_SOURCE MATERIAL_:
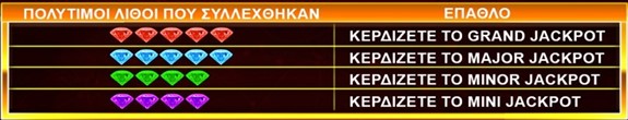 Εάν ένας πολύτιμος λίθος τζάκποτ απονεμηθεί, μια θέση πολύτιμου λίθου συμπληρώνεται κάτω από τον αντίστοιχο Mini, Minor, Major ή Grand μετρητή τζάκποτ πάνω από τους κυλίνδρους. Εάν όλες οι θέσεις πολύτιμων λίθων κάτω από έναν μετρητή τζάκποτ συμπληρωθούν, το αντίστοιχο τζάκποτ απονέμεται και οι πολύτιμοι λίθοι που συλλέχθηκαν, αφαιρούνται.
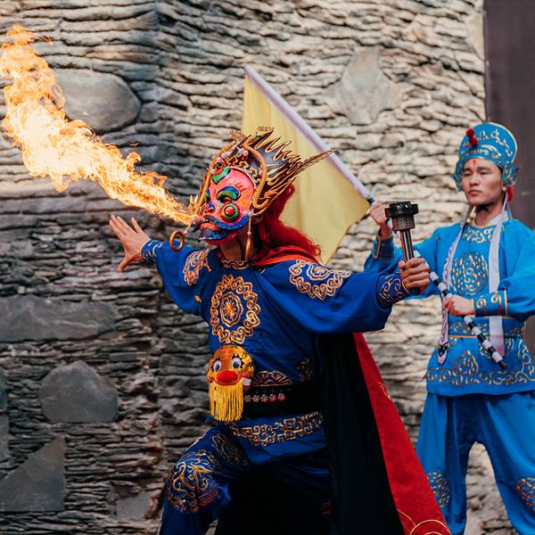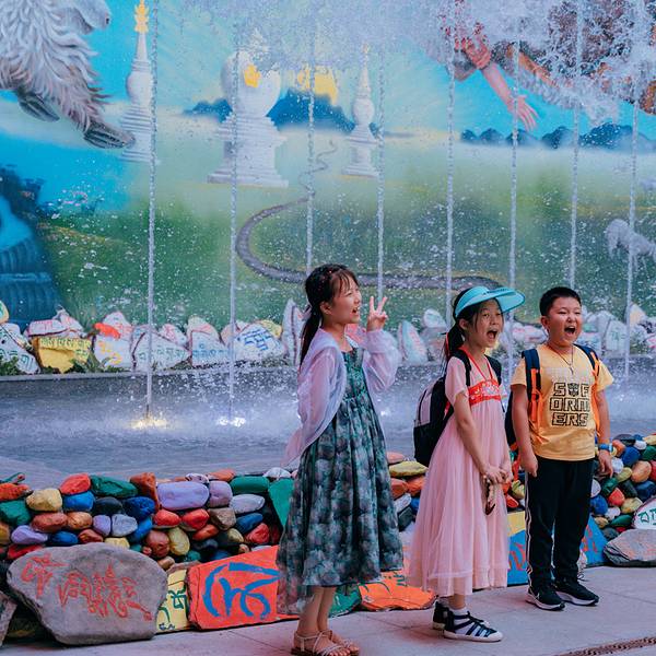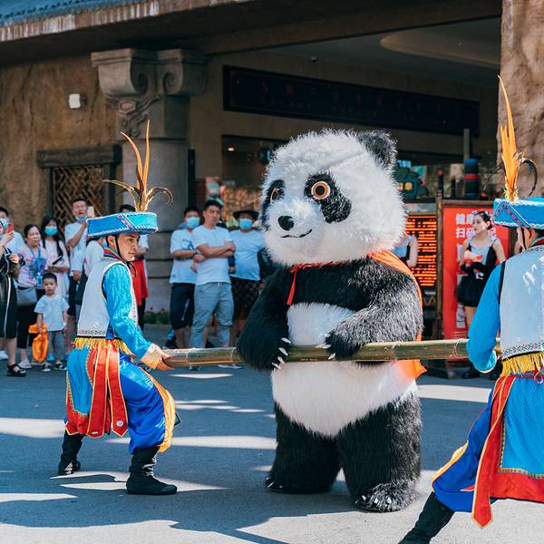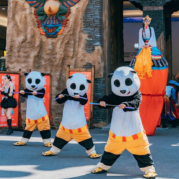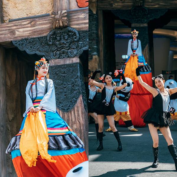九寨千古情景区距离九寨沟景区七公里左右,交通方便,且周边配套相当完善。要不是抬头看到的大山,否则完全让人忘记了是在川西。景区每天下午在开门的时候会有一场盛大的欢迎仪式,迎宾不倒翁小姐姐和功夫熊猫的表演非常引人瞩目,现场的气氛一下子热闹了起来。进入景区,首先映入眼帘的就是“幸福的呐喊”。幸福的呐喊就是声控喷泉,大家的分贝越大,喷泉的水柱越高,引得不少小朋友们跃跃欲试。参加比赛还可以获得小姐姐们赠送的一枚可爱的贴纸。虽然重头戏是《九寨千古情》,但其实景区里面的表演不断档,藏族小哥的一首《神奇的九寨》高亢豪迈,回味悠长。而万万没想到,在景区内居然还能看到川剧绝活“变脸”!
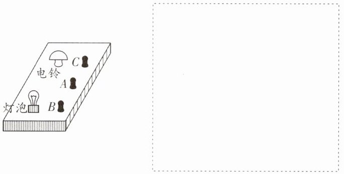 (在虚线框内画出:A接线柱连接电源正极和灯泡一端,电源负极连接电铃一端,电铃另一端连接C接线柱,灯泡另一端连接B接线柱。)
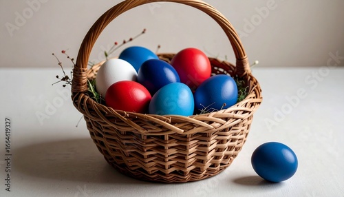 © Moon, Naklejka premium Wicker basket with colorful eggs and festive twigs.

_PROBLEM DETAILS_: Word for word, reproduce all of the data, but keep out the pictures.

_RESULT FOR THIS EXERCISE_:
 Εάν ένας πολύτιμος λίθος τζάκποτ απονεμηθεί, μια θέση πολύτιμου λίθου συμπληρώνεται κάτω από τον αντίστοιχο Mini, Minor, Major ή Grand μετρητή τζάκποτ πάνω από τους κυλίνδρους. Εάν όλες οι θέσεις πολύτιμων λίθων κάτω από έναν μετρητή τζάκποτ συμπληρωθούν, το αντίστοιχο τζάκποτ απονέμεται και οι πολύτιμοι λίθοι που συλλέχθηκαν, αφαιρούνται.
九寨千古情景区距离九寨沟景区七公里左右,交通方便,且周边配套相当完善。要不是抬头看到的大山,否则完全让人忘记了是在川西。景区每天下午在开门的时候会有一场盛大的欢迎仪式,迎宾不倒翁小姐姐和功夫熊猫的表演非常引人瞩目,现场的气氛一下子热闹了起来。进入景区,首先映入眼帘的就是“幸福的呐喊”。幸福的呐喊就是声控喷泉,大家的分贝越大,喷泉的水柱越高,引得不少小朋友们跃跃欲试。参加比赛还可以获得小姐姐们赠送的一枚可爱的贴纸。虽然重头戏是《九寨千古情》,但其实景区里面的表演不断档,藏族小哥的一首《神奇的九寨》高亢豪迈,回味悠长。而万万没想到,在景区内居然还能看到川剧绝活“变脸”!
 (在虚线框内画出:A接线柱连接电源正极和灯泡一端,电源负极连接电铃一端,电铃另一端连接C接线柱,灯泡另一端连接B接线柱。)
 © Moon, Naklejka premium Wicker basket with colorful eggs and festive twigs.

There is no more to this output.